Capítulo vigésimo cuarto, y último
Allá van los muchachos
−Sólo le pido que cuide de mi hermano.
−No te pgeocupes, Tomás −dijo el hermano Etienne, enarcando las cejas mucho, como los maestros cuando ven un ejercicio mal hecho pero no lo consideran grave−. Si te encuentgas en dificultades, ya lo mandagué a él a Bagselona paga que cuide de ti.
Aún no había llegado el tren a la estación. El hermano Etienne y Tomás dejaron las bicicletas apoyadas en los muros de rodeno del apeadero. Tomás había subido hasta San Nicolás a despedirse con la bicicleta malva de Rosser, para dejarla también en el hospicio. Aún tenía que recoger de la fragua el cardo para entregárselo personalmente al señor Monguió, y para que Rosser pudiera verlo antes de irse. Así que el hermano Etienne se montó en la bicicleta de Pilarín, la del ojo rasgado, y ambos bajaron por el puente de la Reina Isabel II y pedalearon luego cuesta arriba hasta la misma fragua de Matías Abad. Allí Tomás recogió su trabajo de las dos últimas noches, lo metió en una caja de madera y lo ató con unas cuerdas al trasportín de la bicicleta.

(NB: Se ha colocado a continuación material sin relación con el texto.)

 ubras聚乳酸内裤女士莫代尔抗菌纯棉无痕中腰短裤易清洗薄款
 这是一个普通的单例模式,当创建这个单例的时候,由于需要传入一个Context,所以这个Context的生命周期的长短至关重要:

Fueron los primeros en llegar a la estación. El día era radiante. Las vías de hierro brillaban con el sol de la mañana, una cortina de luz rasgaba las líneas de sombra de la marquesina. Tomás estaba nervioso.

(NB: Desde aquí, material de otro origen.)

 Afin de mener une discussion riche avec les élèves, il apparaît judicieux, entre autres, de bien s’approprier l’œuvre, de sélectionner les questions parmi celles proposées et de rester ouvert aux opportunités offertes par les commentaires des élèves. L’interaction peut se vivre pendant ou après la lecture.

−Si tengo bastante con un mes no estaré dos, eso lo puede tener seguro.
−No te pgesipites, Tomás. Tienes la opogtunidad de ampliag tus conosimientos.
−Me sabe mal.
−¿El qué?
−Que me lo pague el marqués.
El hermano Etienne se subió los lentes, abrió las piernas y cruzó los brazos. La sotana le caía con mucha autoridad.
−Yo no sé qué pasaguía si hubiese una guevolusión como las que te gustan a ti, Tomás, pego, de momento, es mejog teneg un magqués con sensibilidad agtística que un patgono muegto. ¿No te paguese? A mí me integuesa que nos va a dag dinego paga el tejado. Y maniana Dios digá.

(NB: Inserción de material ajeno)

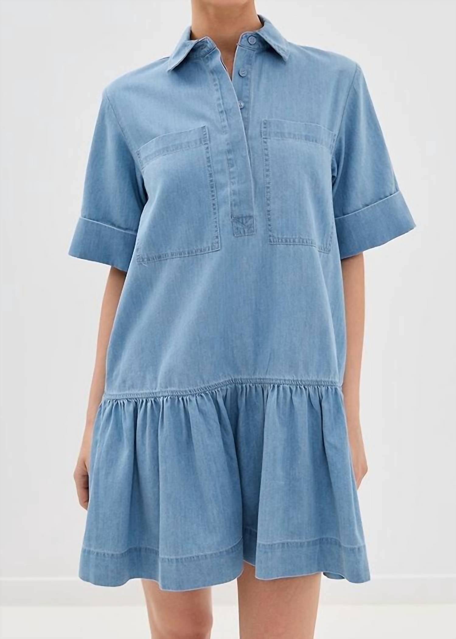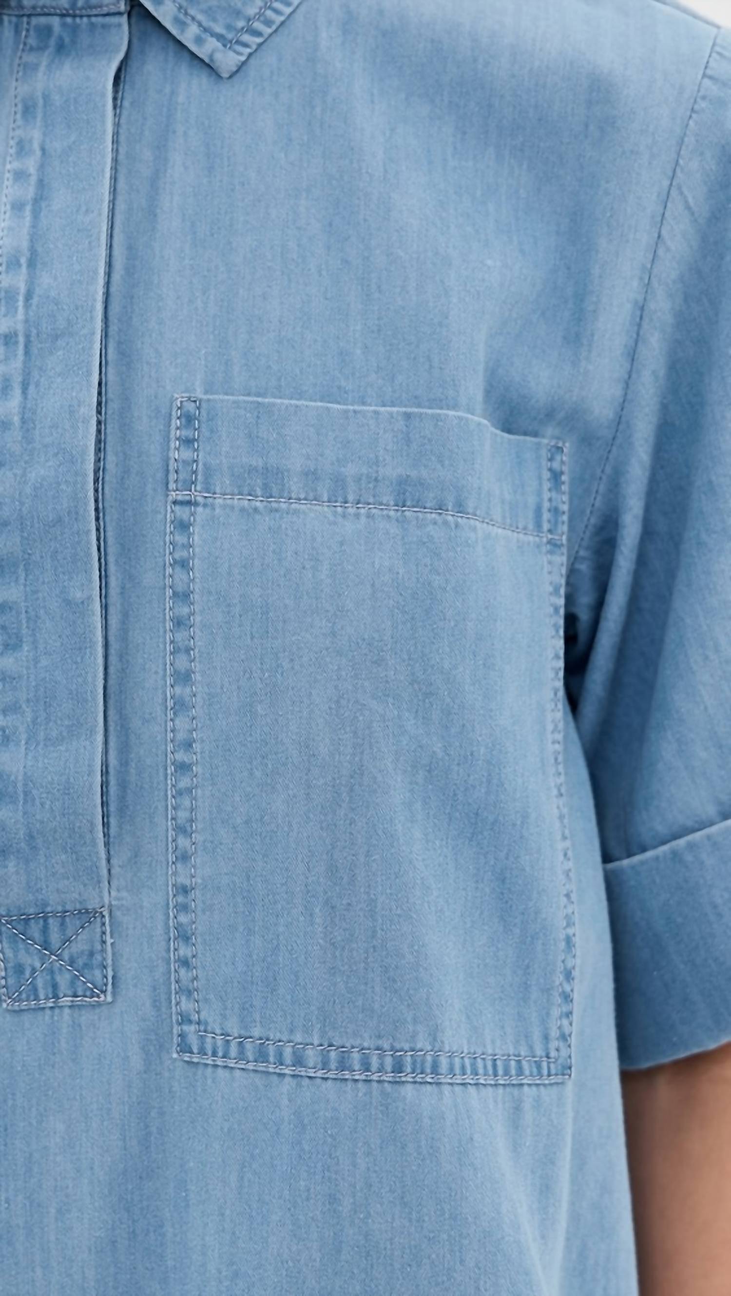 A short and breezy dress for those warmer days. Elevate your wardrobe with the SIMKHAI Cris Shirt Dress in Stratus, a charming mini dress perfect for any occasion. This piece features elbow sleeves and is crafted from 100% cotton, offering a lightweight and comfortable fit. Made in China, the dress showcases a structured collared shirt design with a button front closure and handy patch and slip pockets. For best results, dry clean this shirt dress to maintain its elegance.

Los viajeros iban ocupando sitio en el andén con sus cajas de comida y sus maletas atadas con cuerdas. Otros venían en grupos a recoger a los que llegaban. Y algunos otros merodeaban fuera de la marquesina y miraban a los viajeros haciéndose visera con la mano. Eran hortelanos que pasaban de camino a Villaspesa, obreros de las vías y muchachos sin escuela, que se arracimaban a la hora del tren Botijo igual que aguardaban el espectáculo de la gente a la salida de los toros.
Pronto la estación estuvo llena de gente, las voces habían subido pero Tomás distinguió allá dentro del vestíbulo la voz de Pilarín Sangüesa como distinguiría una cadena de plata entre unos cuantos tubos de hierro. Y empezó a salir la comitiva. El señor Monguió llevaba una maleta muy pesada y miraba a todos lados a ver si había mozo de cuerda o algo de lo que suele haber en las estaciones. Tomás y el hermano Etienne acudieron a echarle una mano. Detrás salía Guillermina, de espaldas, abriendo paso a su sobrina Rosser, que caminaba con extrema lentitud, y a Pilarín Sangüesa, que la llevaba cogida del brazo. Detrás, con las gafas de aviador puestas en la gorra de tweed, entraba el marqués.
−¿Qué no hay un mozo de equipajes aquí, oye? −dijo Pau Monguió.
−Guarde esto −dijo Tomás, y le dio al arquitecto la caja−, yo cojo la maleta.
−¡Tomás! −dijo Pilarín, que estaba guapísima. Guillermina le había peinado sus pelos de chico de un modo muy gracioso, y Rosser le había prestado su vestido azul oscuro con solapa Robespierre, el que tanto le gustaba a la marquesa, y se había pintado los labios. El propio Etienne no pudo reprimirse.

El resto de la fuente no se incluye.